Глава шестнадцатая. Пиратские острова.


Мне снилось похищение ребенка. Нет, не снилось. Шесть ночей этот кошмар кричал в моих снах ужасным предостережением. Ребенка похищают. Иногда из колыбели, иногда с праздника, иногда во время утренней игры на свежем снегу. Как бы это ни происходило, ребенок взмывает вверх, а затем падает. Когда украденный ребенок приземляется, он становится чешуйчатым чудовищем с блестящими глазами и сердцем, полным ненависти. «Я пришел уничтожить будущее». Эти слова – единственная часть моего сна, которая остается неизменной. Я знаю, что я лишь коллатор с каплей крови Белого в венах. Снова и снова я пытался рассказать о моем сне, но от меня отмахивались, говорили, что это всего лишь кошмар. Прекрасная Симфи, ты - моя последняя надежда на то, что я буду услышан. Этот сон достоин быть записанным в архивах. Я говорю тебе это не ради славы или признания Белым, который может видеть сны, но лишь потому… (далее бумага обуглена)


Обнаружено среди бумаг Симфи.


Долгие, медленно тянущиеся дни на борту Совершенного воспринимались мною, как кость, застрявшая в глотке. Каждый из них был так похож на предыдущий, что они казались одним бесконечным днем, и каждый душил меня своей вялой тягучестью. По большей части гнев экипажа был направлен на меня и Янтарь. Их кипящая раздражительность делала наши краткие и скудные трапезы каждодневным испытанием для меня. Янтарь лишила средств к существованию не только Альтию и Брэшена, но и их всех. Получение должности на живом корабле рассматривалось здесь как пожизненное, поскольку команде хорошо платили, здесь было безопаснее, чем на обычном судне, и они становились почти семьей. Теперь всему этому пришел бы конец. От юноши, который заработал должность всего полгода назад, до самого пожилого мужчины, работавшего на Совершенном десятилетиями, – все они потеряли средства к существованию. Или потеряли бы, если б Янтарь обладала достаточным количеством Серебра, чтобы корабль преобразился. На данный момент все они были заложниками амбиций Совершенного. Как и мы.

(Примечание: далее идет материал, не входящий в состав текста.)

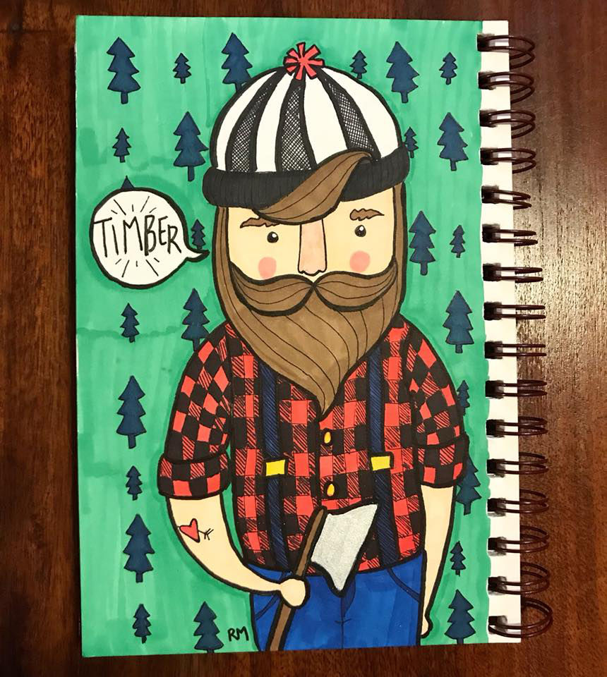 Happy Tuesday! Here is a cute lumberjack to brighten your day. Since the last sketch was very girly, this post is dedicated to the boys. My husband’s side of the family is pretty outdoorsy, so it seemed fitting to have a sketch that represented the wilderness. We love to go camping, go on hikes, make campfires and of course eating smores. (Yummy!) Sketch made with markers and pen.

Спарк и Пера больше жалели, чем поносили. Клеф, казалось, все еще был намерен завершить обучение Пера матросскому делу, и я успокоился тем, что у парня не было времени на разногласия с командой. Лант все еще делил каюту с Клефом, и Клеф предложил Перу перебраться к ним. Я хотел поблагодарить его за то, что он держал парня близ себя в безопасности и оберегал от нападок, но опасался, что любой разговор принудит Клефа выплеснуть неприязнь на меня. Чтобы избежать конфликтов, большую часть времени я оставался в каюте, которую теперь делил с Янтарь и Спарк. Спарк стала подавленной и задумчивой. Она проводила больше времени в прогулках по палубе с Лантом, нежели пыталась научиться вязать узлы и управляться с такелажем. Весна была жаркой, словно лето, и в крошечной каюте часто было душно. Когда вечерами Лант и Пер присоединялись к нам, чтобы попрактиковаться в изучении языка, пот катился по моей спине и заставлял слипаться волосы на голове. Но все же это было желанным отвлечением от безделья, которое мне приходилось выносить.

Когда мы с Шутом оставались одни в течение этих долгих дней, мы сосредоточенно изучали книги Пчелки. Он пытался найти еще подсказки в ее снах. Я отчаянно хотел поверить, что она все еще жива, даже если мысль о том, что моя маленькая дочь удерживается в плену настолько безжалостными руками, изводила меня бессонницей. Он также просил меня читать ему ее дневник, и я читал. Некоторую часть. Не могу сказать, - знал ли он, что я пропускал эпизоды и записи, которые были слишком болезненными, чтобы ими делиться. Если даже и знал, то ничего не говорил. Думаю, он понимал, что я был на пределе.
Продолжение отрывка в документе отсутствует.